Segment Open

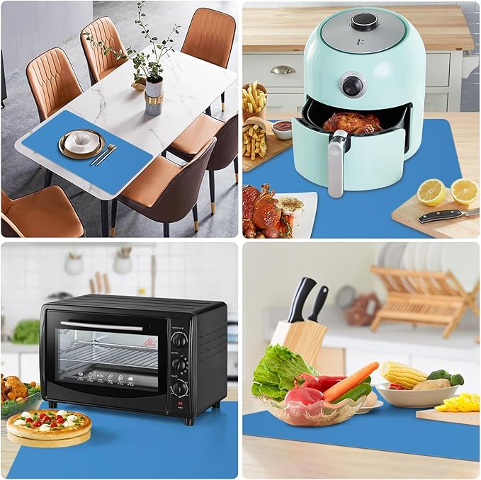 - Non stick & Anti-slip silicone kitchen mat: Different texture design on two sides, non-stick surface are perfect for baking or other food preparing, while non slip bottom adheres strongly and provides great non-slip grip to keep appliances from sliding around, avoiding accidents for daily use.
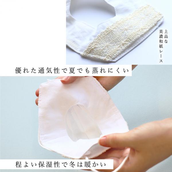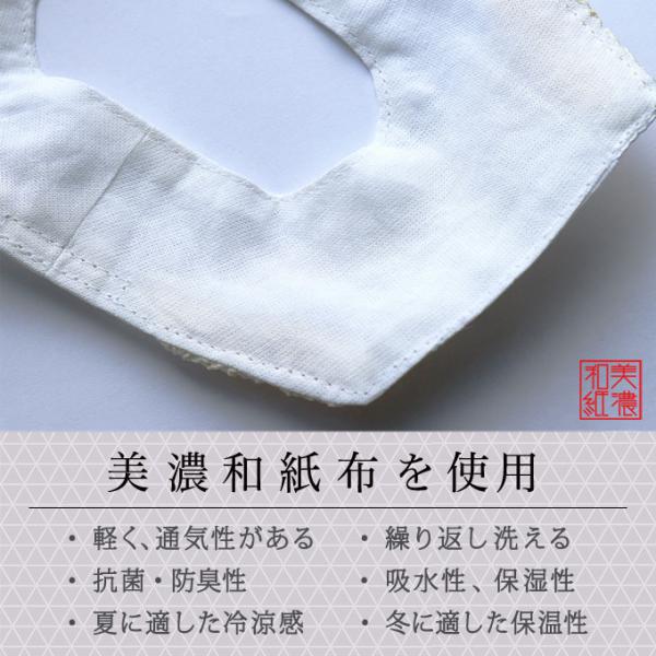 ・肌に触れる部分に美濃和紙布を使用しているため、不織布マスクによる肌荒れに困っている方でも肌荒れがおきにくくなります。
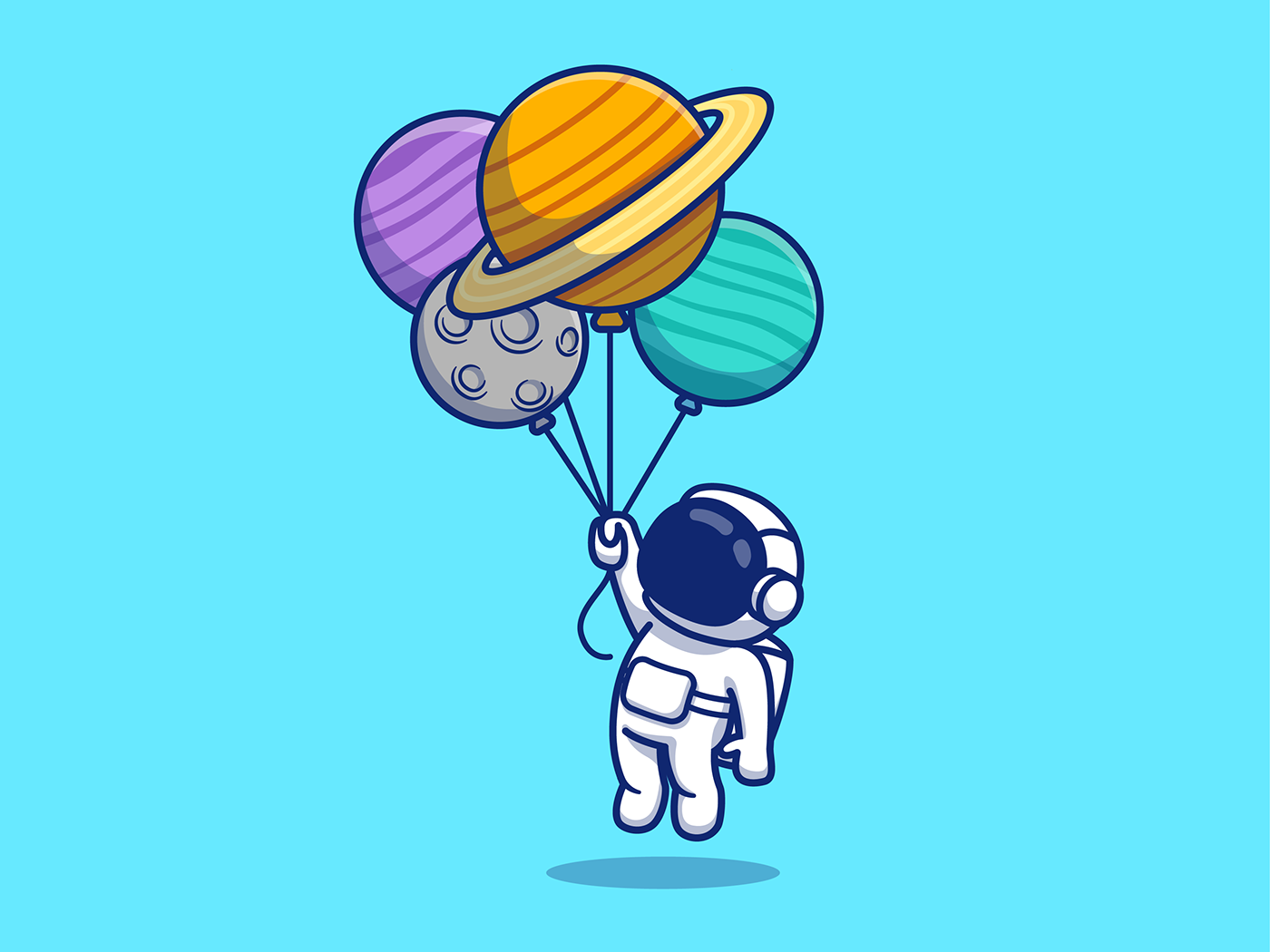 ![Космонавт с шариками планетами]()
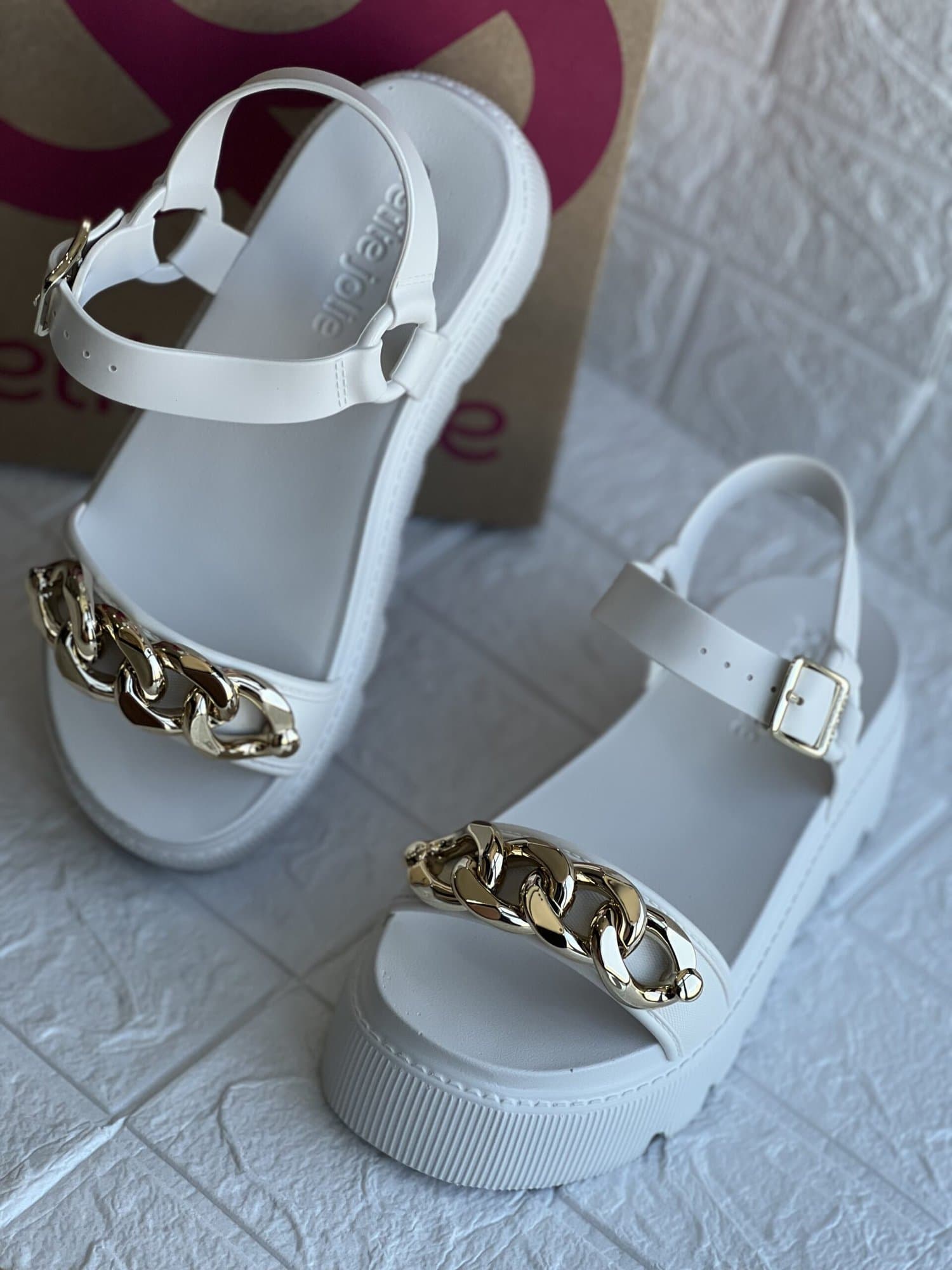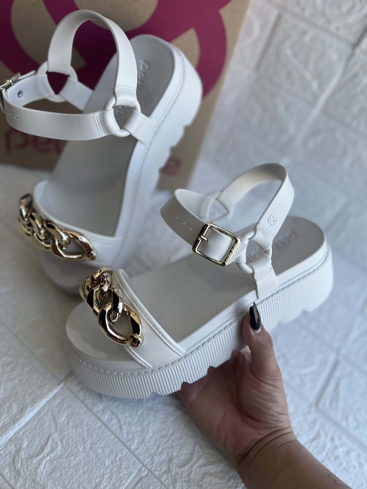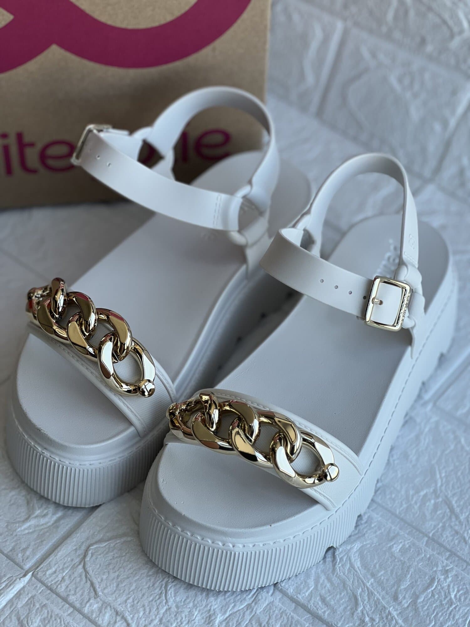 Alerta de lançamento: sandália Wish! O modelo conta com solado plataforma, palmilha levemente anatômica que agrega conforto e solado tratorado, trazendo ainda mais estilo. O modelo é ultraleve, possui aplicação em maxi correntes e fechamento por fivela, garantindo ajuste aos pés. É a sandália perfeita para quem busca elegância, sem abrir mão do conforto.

Segment Closed

**Work order:**
What is needed is an exact reproduction of the data, pictures excluded.

**Response to this task:**
 - Non stick & Anti-slip silicone kitchen mat: Different texture design on two sides, non-stick surface are perfect for baking or other food preparing, while non slip bottom adheres strongly and provides great non-slip grip to keep appliances from sliding around, avoiding accidents for daily use.
 ・肌に触れる部分に美濃和紙布を使用しているため、不織布マスクによる肌荒れに困っている方でも肌荒れがおきにくくなります。
 ![Космонавт с шариками планетами]()
 Alerta de lançamento: sandália Wish! O modelo conta com solado plataforma, palmilha levemente anatômica que agrega conforto e solado tratorado, trazendo ainda mais estilo. O modelo é ultraleve, possui aplicação em maxi correntes e fechamento por fivela, garantindo ajuste aos pés. É a sandália perfeita para quem busca elegância, sem abrir mão do conforto.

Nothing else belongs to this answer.